START Task inputs

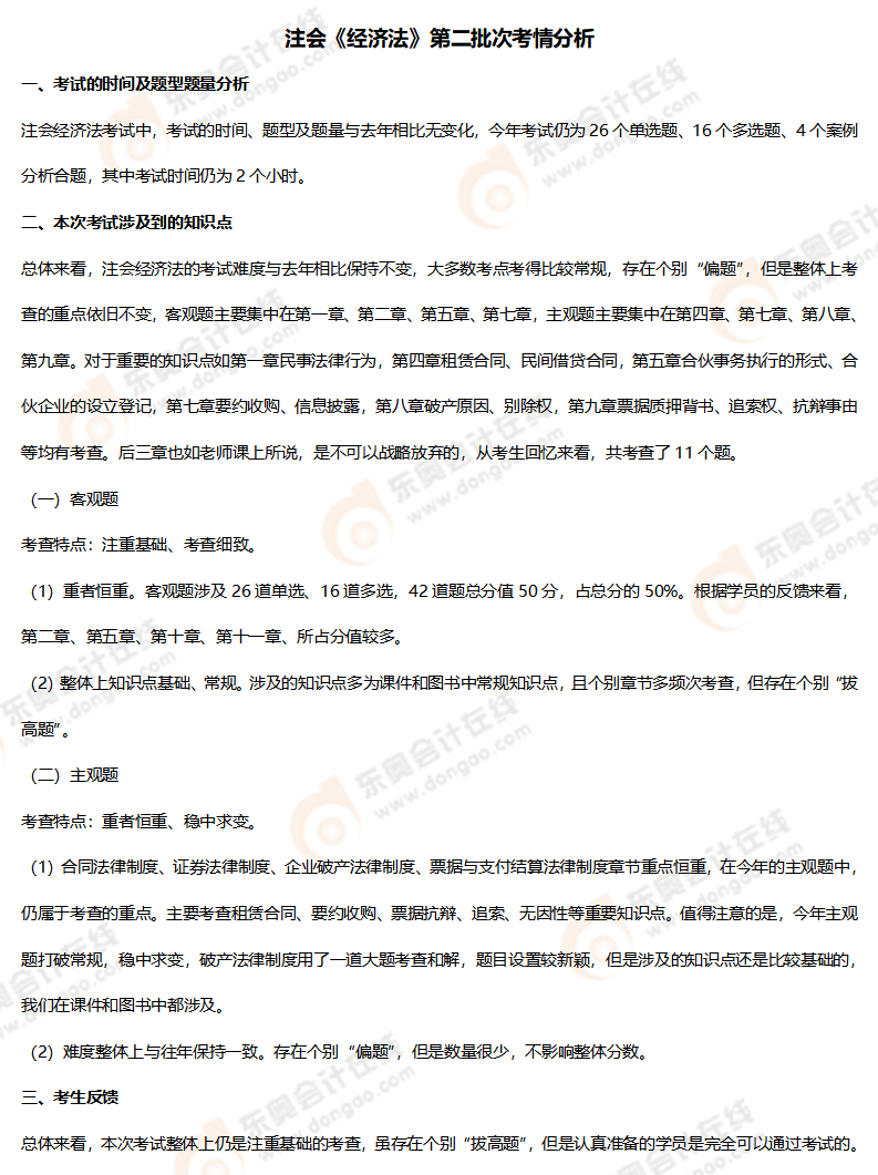 注:以上注會(huì)經(jīng)濟(jì)法考試試題內(nèi)容由考生回憶反饋,東奧教研團(tuán)隊(duì)統(tǒng)計(jì),東奧會(huì)計(jì)在線整理發(fā)布
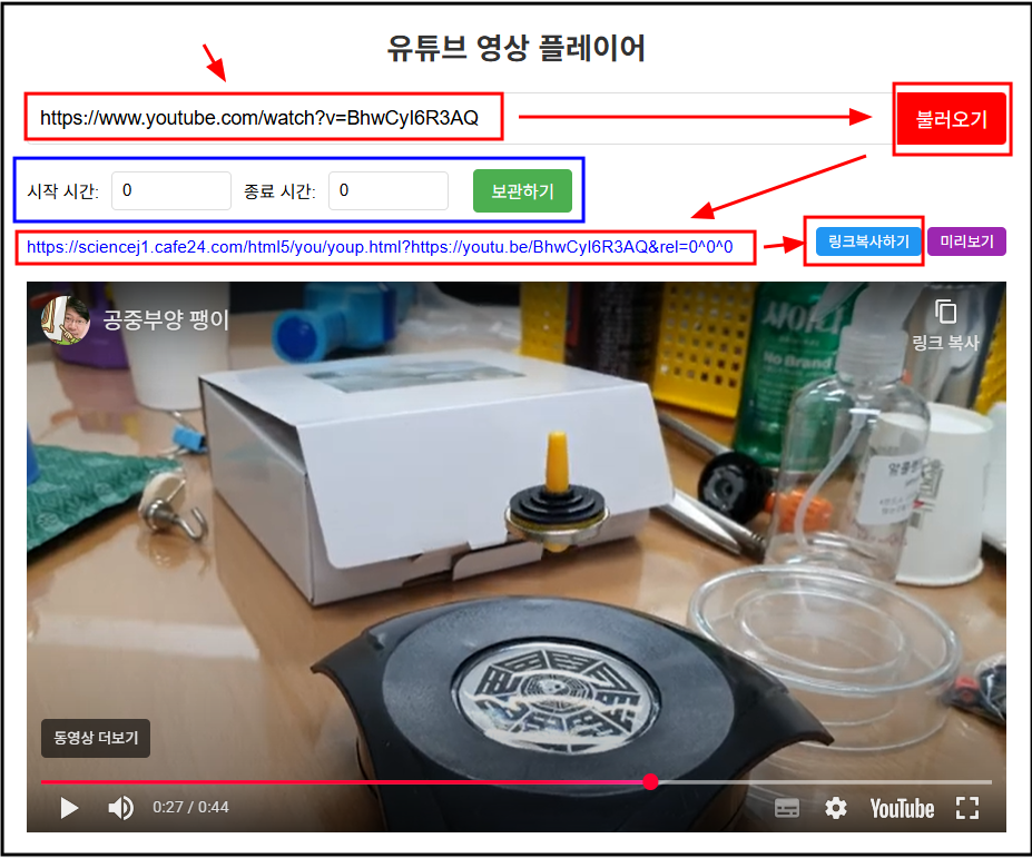 * 업데이트 : 불러오기를 누르면 영상위에 링크 주소가 나타난다. 시작시간과 끝시간이 필요 없으면 링크 주소를 복사해서 사용하면 된다. 필요하면 시작시간과 끝시간을 설정한 후 보관하기 버튼을 눌러 링크 주소를 복사해 가면 된다.
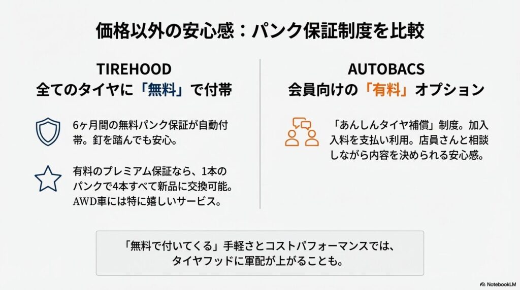 一方で、タイヤフッドには強力なメリットがあります。それが「6ヶ月間の無料パンク保証」です。
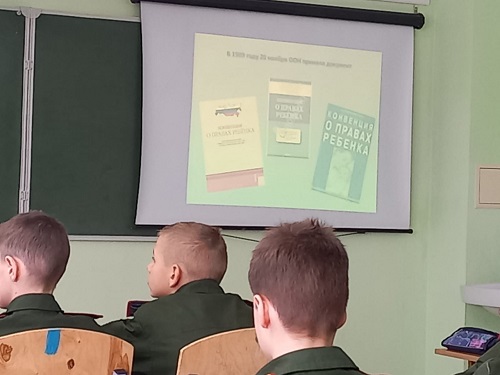 Опубликовано: 15.02.2022Классным руководителем 6 класса Кисловой И. Н. был проведён классный час на тему: "Право быть ребёнком". Ирина Николаевна познакомила кадет с "Конвенцией по правам ребёнка". Ребята ознакомились со статьями данного документа, узнали на что они имеют право, какие несут обязанности, научились применять их к жизни, приняв участие в литературно-правовой викторине. Кадеты были очень заинтересованны данной темой. Каждый из них получил брошюру с выдержками из Конвенции и сделали вывод, что нет прав без обязанностей и нет обязанностей без прав.
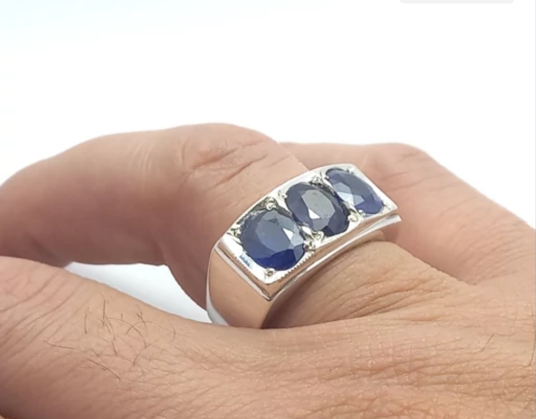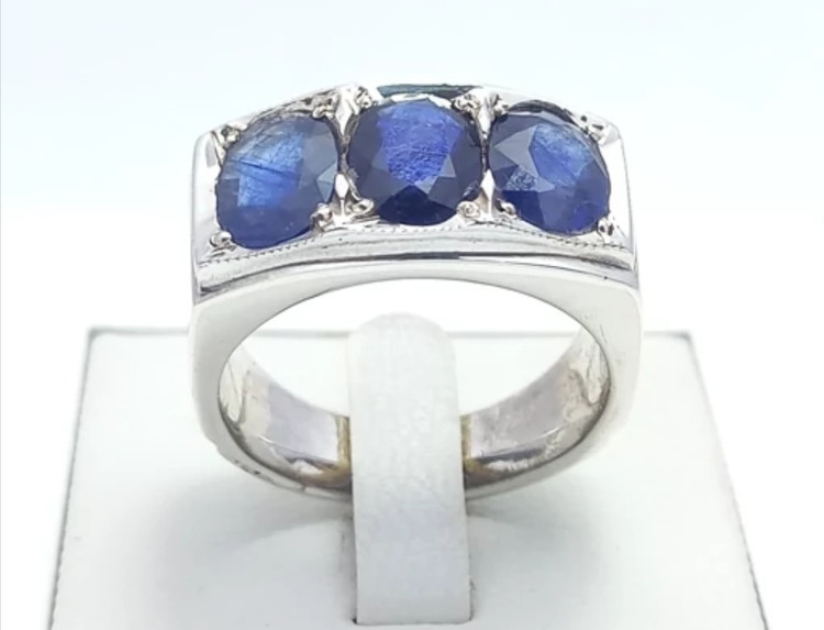 انگشتر نقره مردانه کارشده با سه عدد یاقوت کبود طبیعی و معدنی تراش جواهری
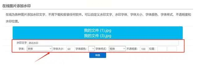 - 如果是文字水印,输入文字内容,设置字体、大小、颜色、位置和透明度;
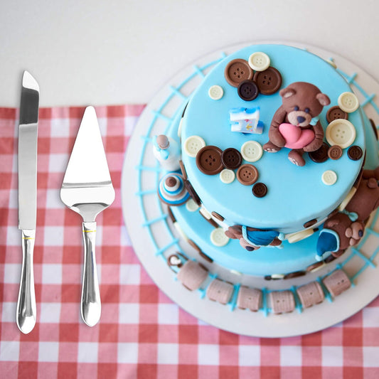 Premium Stainless Steel Cake Cutting Knife and Server Set - Silver Cake Cutter

END Task inputs

* **Work instructions**
In the records above, find the line containing "Опубликовано: 15.02.2022Классным руководителем", then please restate it and each line after it word for word, pictures excluded.

* **Written response**
 Опубликовано: 15.02.2022Классным руководителем 6 класса Кисловой И. Н. был проведён классный час на тему: "Право быть ребёнком". Ирина Николаевна познакомила кадет с "Конвенцией по правам ребёнка". Ребята ознакомились со статьями данного документа, узнали на что они имеют право, какие несут обязанности, научились применять их к жизни, приняв участие в литературно-правовой викторине. Кадеты были очень заинтересованны данной темой. Каждый из них получил брошюру с выдержками из Конвенции и сделали вывод, что нет прав без обязанностей и нет обязанностей без прав.
 انگشتر نقره مردانه کارشده با سه عدد یاقوت کبود طبیعی و معدنی تراش جواهری
 - 如果是文字水印,输入文字内容,设置字体、大小、颜色、位置和透明度;
 Premium Stainless Steel Cake Cutting Knife and Server Set - Silver Cake Cutter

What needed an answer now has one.